Being in and out of work with no permanent residence could have taken its toll, I had many brushes on the brink of homelessness only to have people give me a place to recoup, reassess, rejig and reapply myself to getting back into useful employment and independence.
None of this would have been possible without a helping hand and there were many for which I am full of gratitude and appreciation that the best of humanity is still out there overflowing with the milk of kindness to help and to redeem.
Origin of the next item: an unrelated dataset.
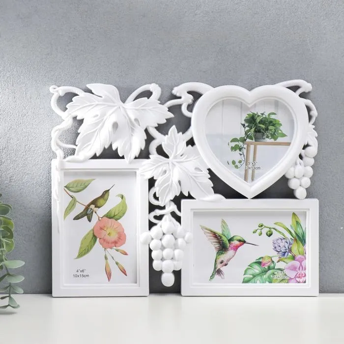 Фоторамка-коллаж на 3 фото 10×15, 13×13 см «Виноград», пластик, мультирамка, белый, 26×33 см

Where is the help for all?
However, not everyone has that resource, not everyone has an angel, the angels to me were people like you and me. Many are homeless because of so many reasons too many to enumerate, from illness to unemployment, broken homes, divorce, a death in the family and even maybe substance abuse.
It is here that we must ask ourselves, what encourages substance abuse and is that not a symptom of some other underlying issue? I cannot sanctimoniously pontificate on these issues as if in my supposed saintliness I am beyond reproach, neither am I ready to accept as default that all beggars are beggars by choice, any money given them goes on drink and drugs or that they know where to get help and never use it.
I knew where to get help, as articulate and well-dressed as I was, I was both humiliated and turned away with the undertone of how dare I visit the homeless charity seeking help. I submit that if the charities were really doing their charitable duties, there would probably be fewer homeless people on our streets. I am doubtful they are doing anything that would encourage me to donate to the charities when I can open my hand to a person begging in front of me.
They are human beings first
It is a cancer within our midst that we have that many homeless people around us and from my experience, the very likelihood why the homeless would not visit homeless charities is because first, they are not treated as human beings, they are not treated with respect, they are looked down on as the dregs of society that there is nothing in place as the kind of helping hands I had to give me the opportunity and space to come out of the quagmire I was in.
Nobody wants to return to a workhouse environment redolent of the Victorian times and these places that portend to tackle homelessness must be more welcoming than they appear to be.
I see instances when someone begging needs £16 to stay in a hostel, it is unlikely if they make the £16, they would immediately spend it on one night’s shelter when there is food to think about.
The pall of homelessness
It is not without consideration that I think of a man I loved, Chris was ejected from his home by his mother at the age of 15 because he was gay and though he made something of his life to the extent that his parents relied on him to bury them well, Chris died 21 years after that ejection and it cannot be unrelated to the homelessness he suffered as a teenager before someone helped him.
I could see signs of that experience in everything that Chris did because these things are markedly significant, yet, he was amazingly loving and wonderful company to be with. Whilst he rests, I still miss him, 36 was too young an age to die and he’s been gone over 8 years.
I walk to the gym in my shorts on typical winter days seeing people in the dead of the night still hungry, homeless, cold and anything uncomfortable, I do not see anything happening to help them, I have not amazing solutions and sadly, we seem to be at the peak of government indolence and societal heartlessness.
This cannot continue, our society is the poorer for the hungry and homeless that roam around us in the vaunted prosperity of this great land. No, we are not prosperous, we are poor.